Another vital use is a controlled inverter. If you take an input A and XOR it with a control C, then:

  • If $C=0$, output = $A \oplus 0 = A$ (no change).
  • If $C=1$, output = $A \oplus 1 = \overline{A}$ (flipped).

This property is used in cryptography (stream ciphers) and in arithmetic circuits. In fact, a half adder—the simplest circuit for adding two bits—uses XOR for the sum bit: $Sum = A \oplus B$ and AND for the carry.

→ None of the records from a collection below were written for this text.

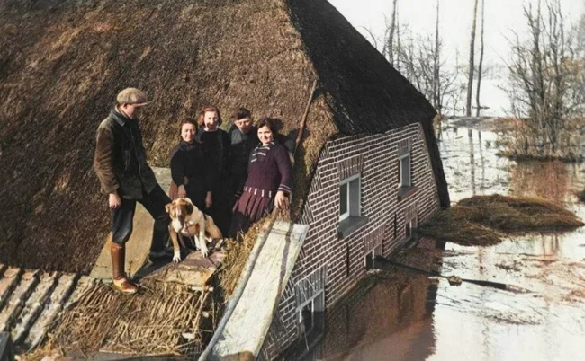 Голландская семья спасается на своей крыше во время большого наводнения в Северном море в 1953 году. 70 000 человек были вынуждены покинуть свои дома во время наводнения.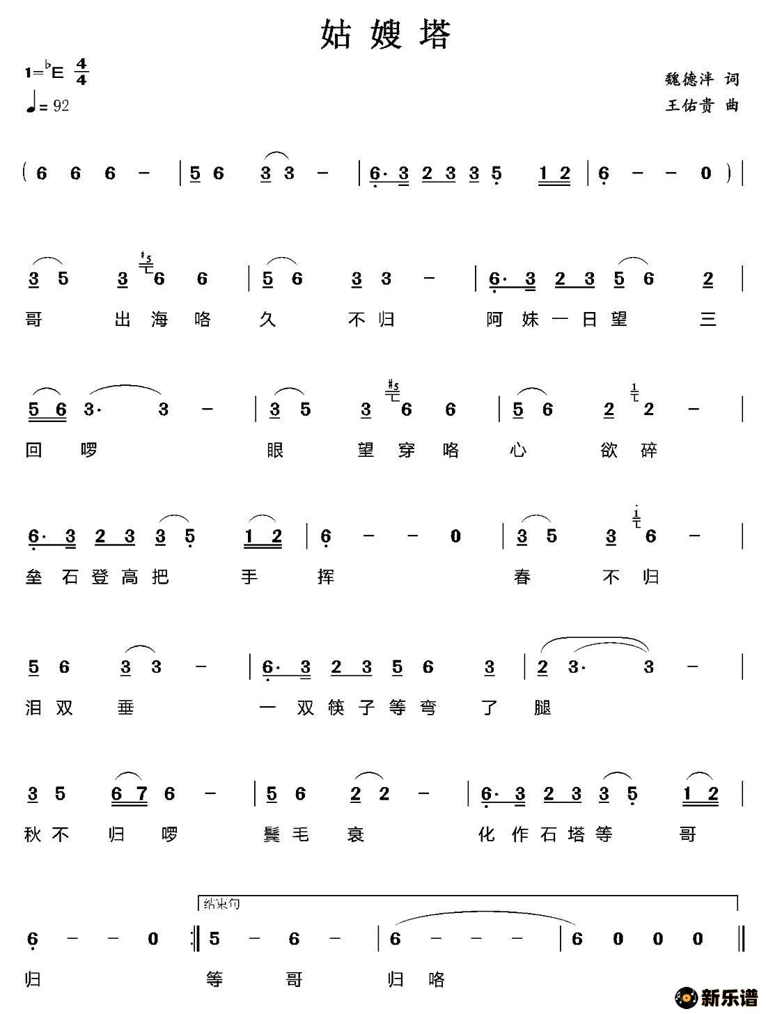 王佑贵演唱的姑嫂塔歌词,姑嫂塔简谱.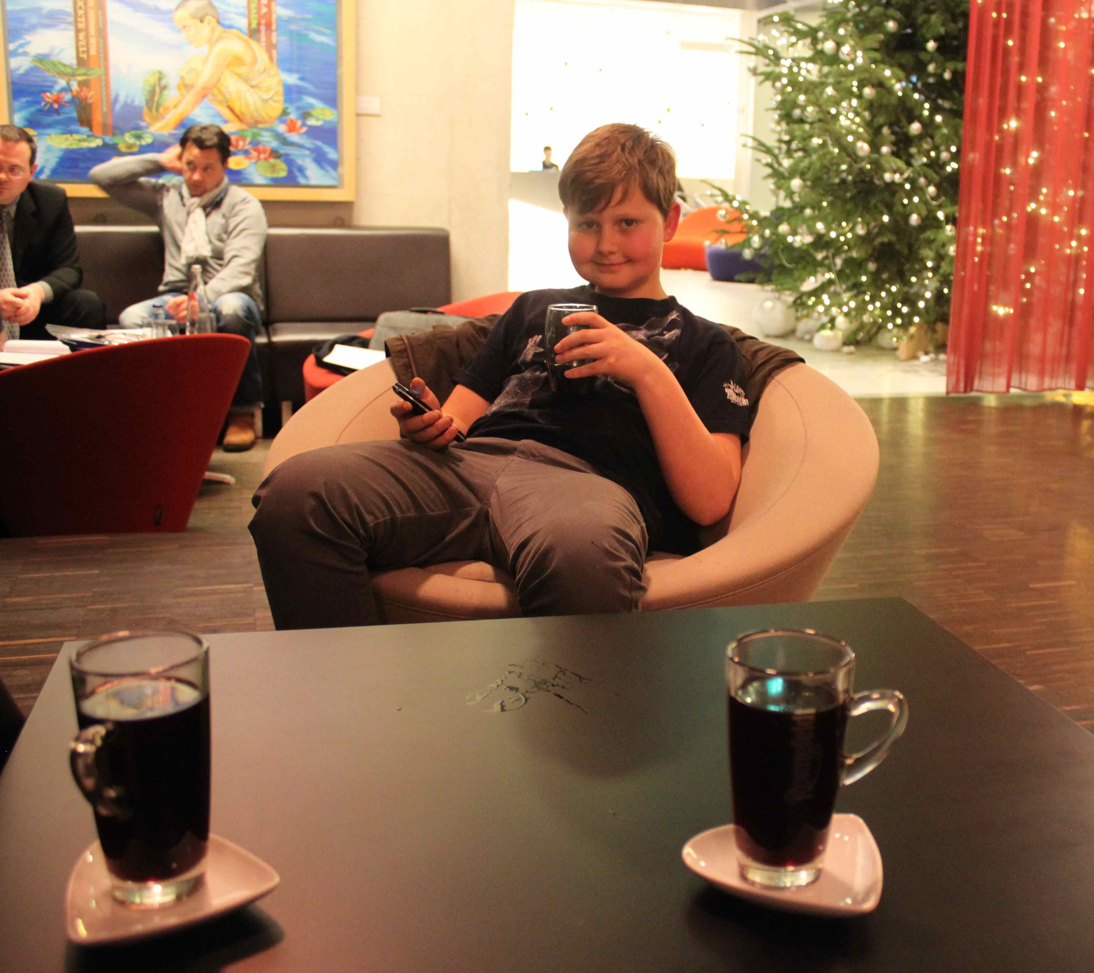 So we settled down to enjoy our complimentary Gluhweins – no, Harvey was not drinking Gluhwein.

5. Important Questions About XOR

Q: Is XOR the same as “not equal”?
A: For two Boolean inputs, yes. The truth table for $A \neq B$ is identical to $A \oplus B$. However, for more than two inputs, “not equal” is not a standard operation, while XOR is well-defined as odd parity.
Q: How do I build an XOR gate using AND, OR, and NOT?
A: Use the formula $A \oplus B = (A \cdot \overline{B}) + (\overline{A} \cdot B)$. You need two AND gates, two NOT gates, and one OR gate. Alternatively, you can use NAND gates only.
Q: What is the output of $X \oplus X$?
A: Zero. Since both inputs are the same (both 0 or both 1), the XOR rule says output is 0. This property makes XOR useful for clearing registers: $X \oplus X = 0$.
Conclusion: XOR is a fundamental logic operation with a simple yet powerful definition: true only when an odd number of inputs are true. From detecting differences in bits to building adders and checking data integrity, XOR appears everywhere in digital systems. Understanding it is a stepping stone to mastering binary arithmetic, cryptography, and error detection. Remember, for two inputs it is the “difference” function, and for multiple inputs it is the “odd parity” function.

Footnote

[1] XOR: Exclusive OR. A logical operation that outputs true only when the inputs are different (for two inputs) or when an odd number of inputs are true (for any number).
[2] Boolean algebra: A branch of algebra dealing with true/false values and logical operations (AND, OR, NOT).
[3] Parity: A technique that counts the number of 1-bits in a binary sequence. Even parity means the total number of 1s is even; odd parity means it is odd.
[4] Half adder: A digital circuit that adds two bits, producing a sum (XOR) and a carry (AND).